Newest Data Strategy

How it works:

  • Compare origin times across duplicate events

  • Keep the event with the latest origin time

  • Useful when later earthquakes in a sequence have better solutions

Example:

Event A: Last updated 2024-01-15 (automatic solution)
Event B: Last updated 2024-01-20 (reviewed solution)

Result: Keep Event B (more recent, likely reviewed)

Best for:

  • Incorporating revised/reprocessed data

  • When recent analysis methods are preferred

  • Updating catalogues with final solutions

Considerations:

  • Assumes newer is better

  • May not work well if timestamps aren’t reliable

  • Good for refreshing operational catalogues

Most Complete Strategy

How it works:

  • Count the number of populated fields in each event

  • Keep the event with the most metadata

  • Preserves detailed quality information

Example:

Event A: time, lat, lon, depth, magnitude (5 fields)
Event B: time, lat, lon, depth, magnitude, uncertainty,
         phases, stations, azimuthal_gap (9 fields)

Result: Keep Event B (more complete metadata)

Best for:

  • Preserving detailed quality metrics

  • Combining sparse and detailed catalogues

  • Research requiring comprehensive metadata

Considerations:

  • More fields doesn’t always mean better data

  • May prefer verbose but lower-quality data

  • Good for maximizing available information

Quality Score Strategy

The platform’s most advanced strategy uses a 100-point composite index to rank events. It evaluates quality across six dimensions, based on international standards for network performance and location accuracy (Bondár, 2004; Bondár & Storchak, 2011; Bormann, 2012):

  • Station Coverage (25 pts): Logarithmic scale (30+ stations = max points). Quality improvement is non-linear with station count (Bondár, 2004).

  • Azimuthal Gap (20 pts): Penalizes gaps > 180°; excellent if < 120°; zero points above 270°.

  • Location Precision (15 pts): Based on Standard Error / RMS residuals (ISC standard: < 0.3s is excellent).

  • Magnitude Uncertainty (15 pts): Lower uncertainty yields higher scores.

  • Magnitude Type (15 pts): Preferred order Mw > Ms > mb > ML > Md (Storchak et al., 2013).

  • Review Status (10 pts): “Reviewed” or “Final” status adds points over “Preliminary” solutions.

        graph TD
    subgraph Group ["Duplicate Candidates"]
        C1["Event 1: 15 stations, Gap 210°"]
        C2["Event 2: 45 stations, Gap 95°"]
    end

    subgraph Scoring ["Quality Engine"]
        S1["Event 1 Score: 45/100"]
        S2["Event 2 Score: 88/100"]
    end

    Winner["Event 2 Selected"]

    Group --> Scoring
    Scoring --> Winner

    style C2 fill:#4CAF50,color:white
    style Winner fill:#4CAF50,color:white
    

How Metadata is Merged

Beyond the primary fields (time, location, magnitude), the platform performs a Field-Level Union to ensure the merged catalogue is as comprehensive as possible.

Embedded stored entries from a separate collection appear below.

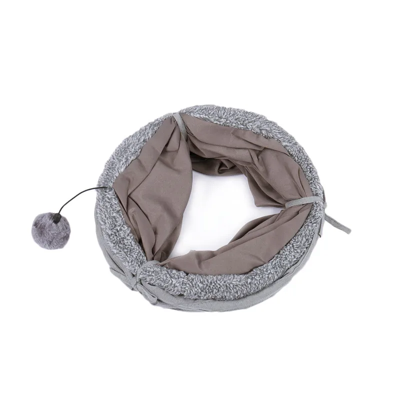 отличный туннель, плотная ткань, на краях завязки для складывания. два помпона в комплекса, кошка шерудит в нем активно) доставка 10 дней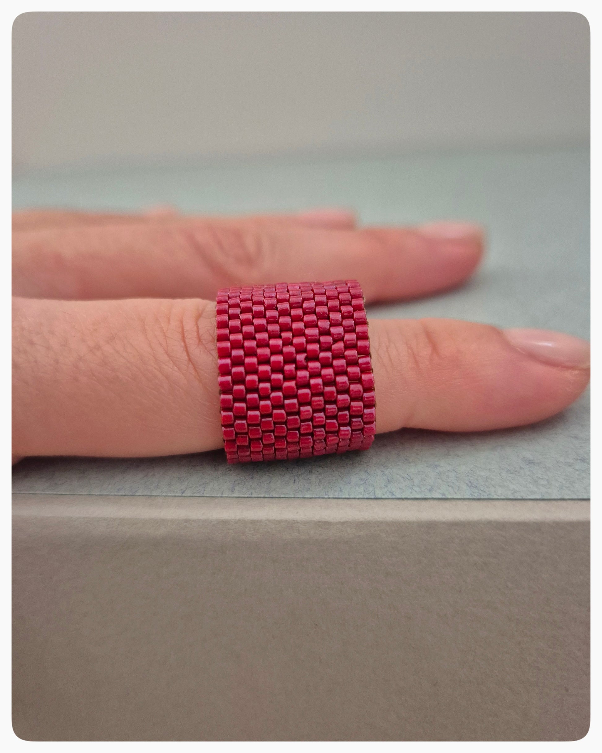 “Borgoña” es un anillo tejido con cuentas Miyuki que envuelve tu dedo con un tono profundo, cálido y lleno de actitud. Su textura geométrica crea un efecto visual que atrapa la luz y hace que tus manos hablen sin esfuerzo.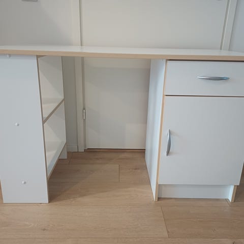 Kapea kirjoituspöytä, laatikostot molemmin puolin. Lähes virheetön kunto. Syvyys 46 cm, leveys 125 cm.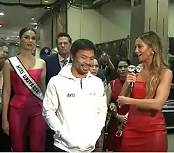 ![]() Pacquiao making his ring entrance for his fight against Keith Thurman, 2019 | |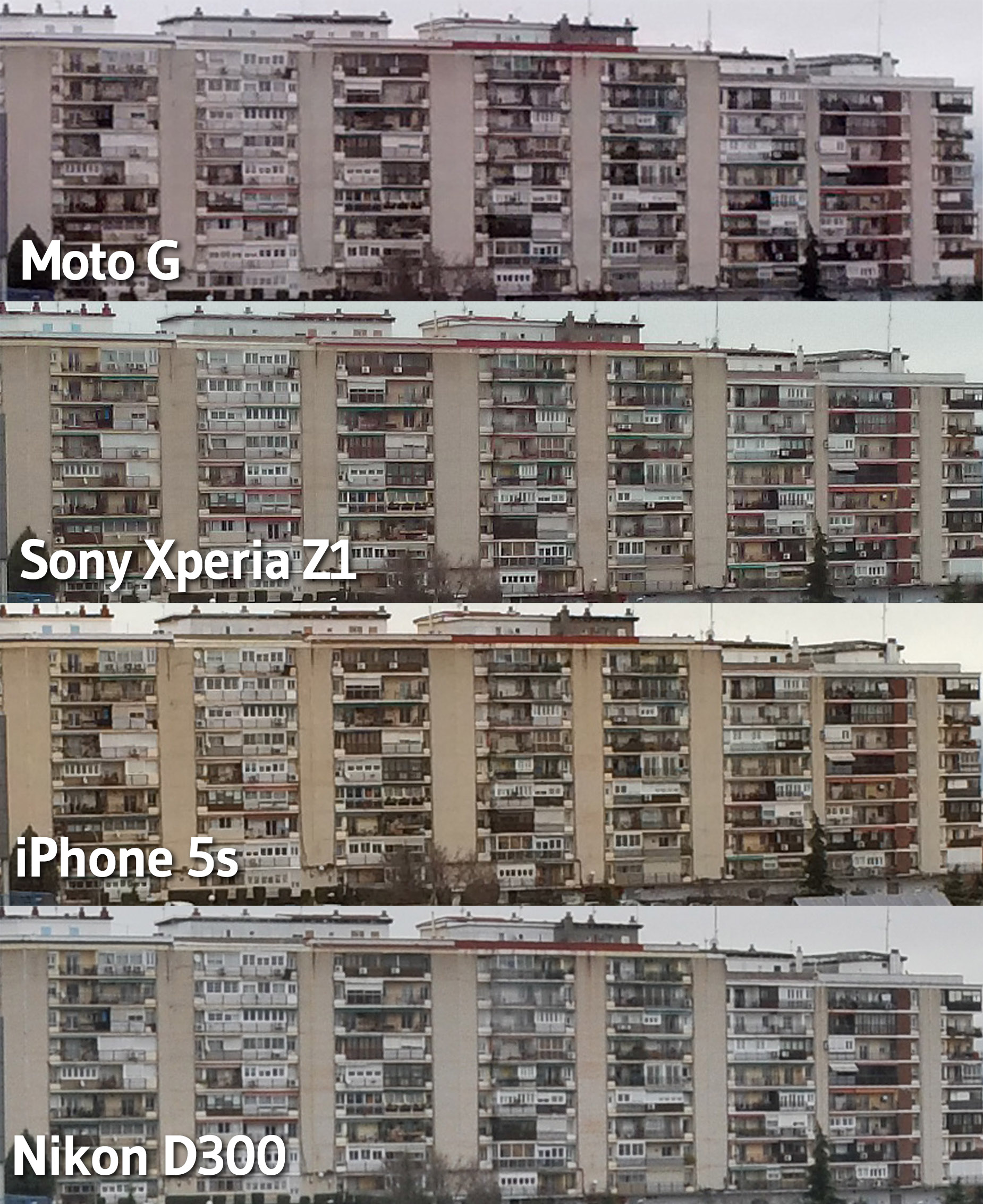 A continuación podemos ver una misma imagen capturada por el Moto G (5 MP), el Sony Xperia Z1 (20,7 MP), el iPhone 5s (8 MP)  y una cámara réflex Nikon D300 (12 MP).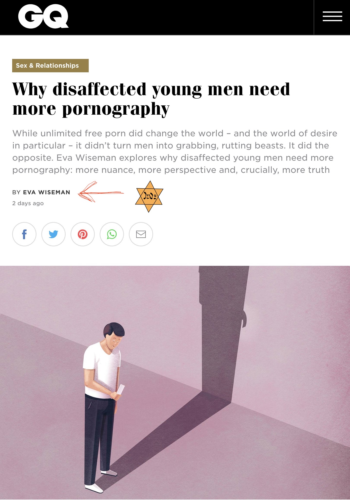 At GQ this week, we have a Jew, Eva Wiseman, promoting the use of porn by young White men.

  1. Gaps Filling: If the selected primary record is missing a field (e.g., azimuthal gap or phase count) but a secondary record has it, the platform automatically fills that gap from the highest-quality secondary source.

  2. Rich Data Preservation: Complex data types like Picks, Arrivals, and Station Magnitudes are preserved through a ranked inheritance system.

  3. Focal Mechanism Selection: The platform automatically selects the best focal mechanism across all duplicate sources based on a hierarchy (GCMT > GeoNet > USGS > ISC) and quality metrics including station polarity count and misfit values.

Advanced Quality Control

The platform performs several advanced validation checks during the merge process to prevent “over-matching” or physical inconsistencies:

  • Group Size Gate: Prevents merging groups larger than 15 events, which usually indicates a threshold setting that is too loose.

  • Spatial Spread Analysis: For groups of 4 or more events, the platform calculates the spatial spread. If it exceeds the magnitude-scaled threshold (100 km for M < 5, 150 km for M 5–6, 200 km for M ≥ 6), the group is rejected and each event is kept as a separate unique event.

  • Network Mismatch: If the same network reports two different events in the same group, the platform identifies these as likely distinct events (e.g., foreshock/aftershock) and prevents them from being merged.

Scientific Accuracy Features

The platform includes several specialized algorithms to ensure seismological rigour:

  • Latitude-Aware Spatial Indexing: The search grid adjusts its cell dimensions based on latitude to maintain consistent distance thresholds near the poles and the equator.

  • Date Line Normalization: Merging events near the International Date Line (±180°) uses Cartesian unit-vector averaging to avoid mathematical errors that occur with simple arithmetic means.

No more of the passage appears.